Every audit runs a 22-point self-verification pass. Not just “did the script finish” — it checks whether the data it collected is actually trustworthy: database counts, API reachability, RRD file freshness, backup job counts, blocklist sizes, write acceptance. A monitoring system that can fail silently is worse than no monitoring at all. If breadAI can’t reach the PBS API it says so, rather than just not mentioning backups.

Meet CLIde

This is the part I think matters most. LLMs are great at summarizing data. They’re also great at sounding confident about things that aren’t quite right — overstating a spike, misattributing a metric, reporting something that was a transient blip in a 24-hour average. When your audit system is the thing you rely on to catch problems, you can’t just trust it blindly.

So I added a second AI to check the first one’s work.

After the primary report generates, I extract every flagged finding into a structured list with specific verification hints — commands to run, API endpoints to hit, files to check. That list goes via SSH to a separate LXC container where Claude Code CLI is installed. This instance — CLIde — gets no project context, no memory files. Just a list of things to verify and tools to verify them with.

It then actually runs the checks. Curls Pi-hole APIs. SSHes into NAS3. Reads real logs. Checks real database state. Each finding comes back CONFIRMED, CONTRADICTED, or UNVERIFIABLE.

Two AI instances. Neither can see what the other saw. One summarizes, one verifies against ground truth.
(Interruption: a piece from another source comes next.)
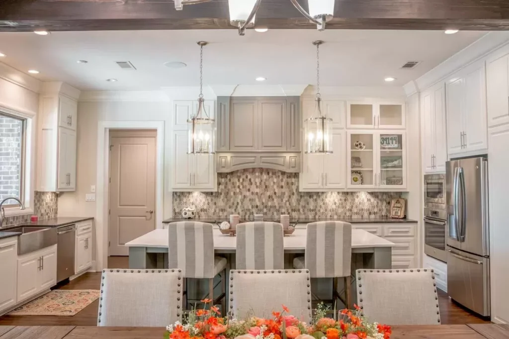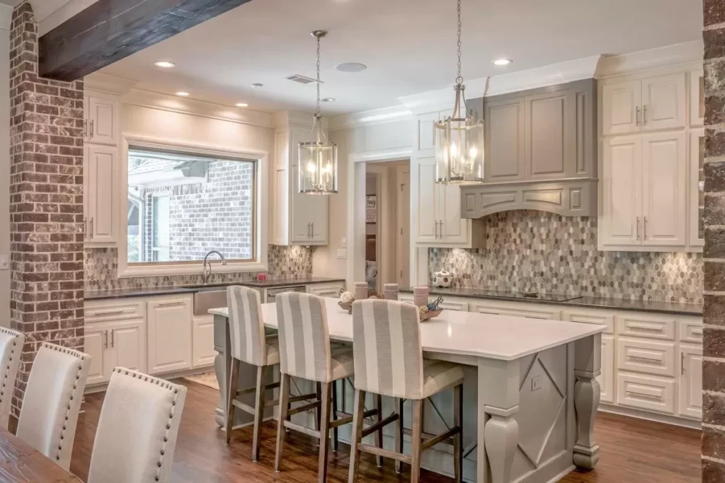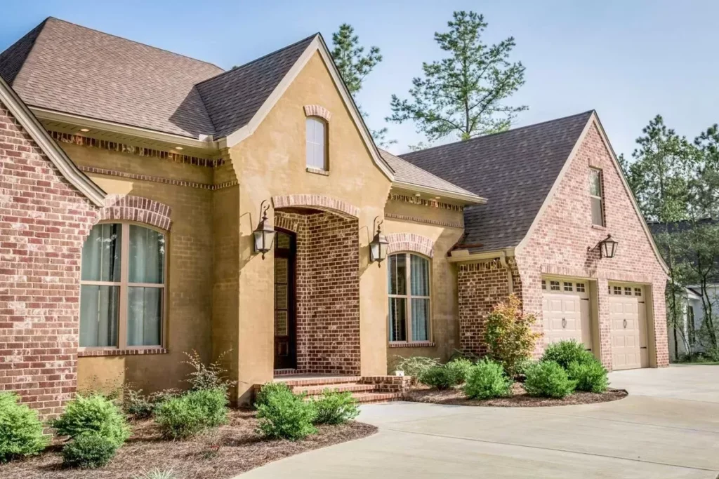As you approach the house, the front porch greets you with its welcoming aura, promising warmth and beauty beyond its doors. This isn’t just any entrance; it’s your preview into a meticulously designed world where brick and stucco blend harmoniously, hinting at the exquisite details awaiting inside.

On a quiet night when nothing is wrong, CLIde just says “Tutto bene, boss.” Yeah, I gave it a mafia persona for all-clear responses. Life’s too short for “No significant issues or alerts to report.”

CLIde just hanging out waiting to be utilized

Anomaly Detection

Multidimensional — different thresholds for different signal types. Traffic spikes vs. 30-day baseline, latency degradation including “last 3 days is 2x the prior 7 days,” storage growth with a sawtooth filter so a manual cleanup doesn’t read as a false negative, and per-host CPU/RAM swing detection. Requires 7 days of history before flagging traffic anomalies — no spam while it’s still learning what normal looks like.

Forecasting

Linear regression across 30-day datasets for PBS datastore growth, Proxmox resources, SabNZBd disk usage, and WAN latency. Each forecast gets a confidence score and plain-English output: “PBS datastore at current fill rate: full in ~73 days.” Every prediction gets recorded and automatically verified when the date arrives — accuracy tracked by forecast type and confidence level.

WAN health uses a majority-vote check across 3 external targets per link. Two of three showing elevated latency = WAN issue. One of three = that host’s problem. It doesn’t page me because Cloudflare had a blip.

Resilience

Circuit breakers on all 10 external APIs — if one’s down, the audit continues without it rather than hanging.

Dual-write to both JSON and PostgreSQL. If the database is down the bot keeps running on JSON. Divergence detection flags if they drift more than 10 records.

Graceful degradation throughout — Ollama offline falls back to raw bucketing, database offline falls back to JSON only. The audit always runs and always notes what’s missing.

Lessons Learned

The GPU is shared. The audit runs at 8AM. @mention the bot at exactly 8AM and you’re waiting in line.

Portainer can’t read .env files from NFS. All variables have to go inline in the compose file.

The Anthropic SDK throws a cryptic tuple error if you pass system prompts the wrong way when prompt caching is configured. Plain string, not a list.

Discord embed fields have a 1024 character limit. Claude doesn’t know this. Handle truncation yourself or alerts end mid-sentence.

Use Haiku for forecast review. No reason to pay for the heavy model when you’re just asking “anything concerning here?”

Commit before switching machines. Learned this the hard way. Then learned it again.

Current State

v0.5.3c, running 24/7 in Docker on Synology NAS since December 2025. ~7,200 lines across 14 Python modules. Ten circuit breakers. Twenty-two verification checks per audit. Seven rolling historical datasets. Two AI instances keeping each other honest.

Overengineered? Almost certainly. Does it work? Yeah. I haven’t been paged for something stupid in months.